Daily Pivots (generated with a pivot algorithm and unverified):
Please note that I have not updated the weekly and monthly levels. Jeff Bailey returns tomorrow, and the Pivot Matrix will resume its regular schedule. Thank you for your patience.
Daily COMPX candles
The only news on the daily COMPX is that the relentless uptrend has finally caused the 10 day stochastic to begin trending in overbought. The cycle that it measures has now exceeded the time and breadth allotted to its upphase, but price continues to climb. How long it will persist is no longer answerable on this timeframe, and we look to other timeframes for clues.
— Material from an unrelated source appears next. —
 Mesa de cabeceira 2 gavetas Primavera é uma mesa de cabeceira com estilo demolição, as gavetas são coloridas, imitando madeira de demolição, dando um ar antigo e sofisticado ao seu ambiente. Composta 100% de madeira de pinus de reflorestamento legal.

The longer 10 week stochastic on the weekly candles (not shown) is trending in overbought, and the 10 month stochastic on the monthly candles is now overbought but not yet rolling over.
Looking at the shorter cycles, we see that a downphase is now due following a bearish divergence on the Macd, within the broader context of a bearish ascending wedge. The wedge projects to 1740. Bulls are watching an upwardly trending market that is increasingly overbought. It is not, in my opinion, a buy at current levels, for the simple reason that north goes up forever, and on ever timeframe I follow, the market is overbought. It can continue higher, just as it has, but the odds do not favor it. A pullback is due, and the bounce from that pullback will tell us volumes about whether this is a new bull market, which I doubt, or another bear market rally.
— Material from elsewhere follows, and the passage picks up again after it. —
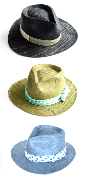 ベーシックな黒やアイボリーに加えて、爽やかな青と、オリーブっぽい緑。それに、帽子に合わせたリボンも小粋で素敵です。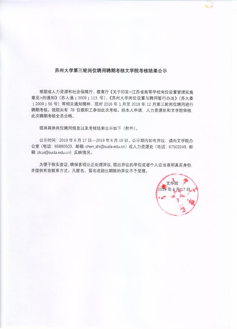 欧冠直播 第三轮岗位聘用聘期考核欧冠直播 考核结果公示

30 minute 20 day chart of the COMPX
Daily INDU candles
The INDU found support right at the rising daily trendline, and the 10 day stochastic is headed back up after the shallowest of pullbacks, looking for a new up-phase from here. On the 30 minute candles below, the INDU is struggling with resistance at 9600, finding support from a higher low at 9500, and has next resistance within its bear wedge at 9620.
Note that the Macd on the 30 minute chart is topping from a much lower high, which is not bullish. However, until the lower trendline at 9500 gets taken out, we can expect the price to continue working its way higher. Extreme moves have a way of outlasting our expectations, and with the breadth and volatility levels seen today, I don't consider my choice of adjectives inappropriate.
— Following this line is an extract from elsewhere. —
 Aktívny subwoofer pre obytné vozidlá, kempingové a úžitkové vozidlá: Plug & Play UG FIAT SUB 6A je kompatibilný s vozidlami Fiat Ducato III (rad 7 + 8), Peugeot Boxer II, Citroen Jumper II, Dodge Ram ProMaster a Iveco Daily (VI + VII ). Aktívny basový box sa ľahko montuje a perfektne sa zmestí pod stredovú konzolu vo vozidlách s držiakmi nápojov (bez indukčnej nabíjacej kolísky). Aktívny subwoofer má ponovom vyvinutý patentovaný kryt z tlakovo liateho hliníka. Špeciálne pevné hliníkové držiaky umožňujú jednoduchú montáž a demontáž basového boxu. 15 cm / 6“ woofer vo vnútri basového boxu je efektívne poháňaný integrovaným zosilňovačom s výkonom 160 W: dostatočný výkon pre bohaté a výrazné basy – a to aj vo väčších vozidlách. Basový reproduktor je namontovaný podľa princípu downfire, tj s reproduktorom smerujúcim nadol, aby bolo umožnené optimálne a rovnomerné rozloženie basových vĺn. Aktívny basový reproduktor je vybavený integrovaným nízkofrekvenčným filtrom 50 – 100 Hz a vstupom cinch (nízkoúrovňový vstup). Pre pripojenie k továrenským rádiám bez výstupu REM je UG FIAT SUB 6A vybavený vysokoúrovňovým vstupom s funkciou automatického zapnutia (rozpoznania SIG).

20 day 30 minute chart of the INDU
Daily OEX candles
The OEX appears to have found a home above 512, and as with the INDU, the OEX' oscillators are looking for the next leg up from current levels. The bearish wedge on the 30 minute candles below is running out of racetrack, but given the gentleness of the rising slop and the room to run above the lower support line, the move could last longer than we hope before breaking out.
Note that these are bearish formations within an overbought, trending market. We've seen more than our fair share of upside bear wedge failures through this rally, and nothing rules out the possibility of its occurring here. However, bulls need to evaluate the likelihood of such a move. The odds do not favor it, but that doesn't mean that it cannot happen. Bears need caution as much as bulls need stops.
20 day 30 minute chart of the OEX
Daily QQQ candles
We have the same setup on the Qubes, but with the bearish Macd divergence more pronounced on the 30 minute chart.
20 day 30 minute chart of the QQQ
The markets are continuing with their ongoing trend. As we learned in the spring of 2000, one rides a trend until it ends. That said, investing on the basis of the "Greater Fool Theory" is tricky business, and must be done with full knowledge of one's goals and risks. I consider the risk to the downside to far exceed the upside potential of current levels. If the Dow clears 9600, there's a greeting party of stranded longs at 9800-10200, a range about which I recall Jim writing in fall 2001. On the other hand, those toppy oscillators have run up from levels far below those currently trading. Whether you agree with my bias or not, the trading strategy remains the same. One last time: stops for bulls, caution (and tight stops) for bears.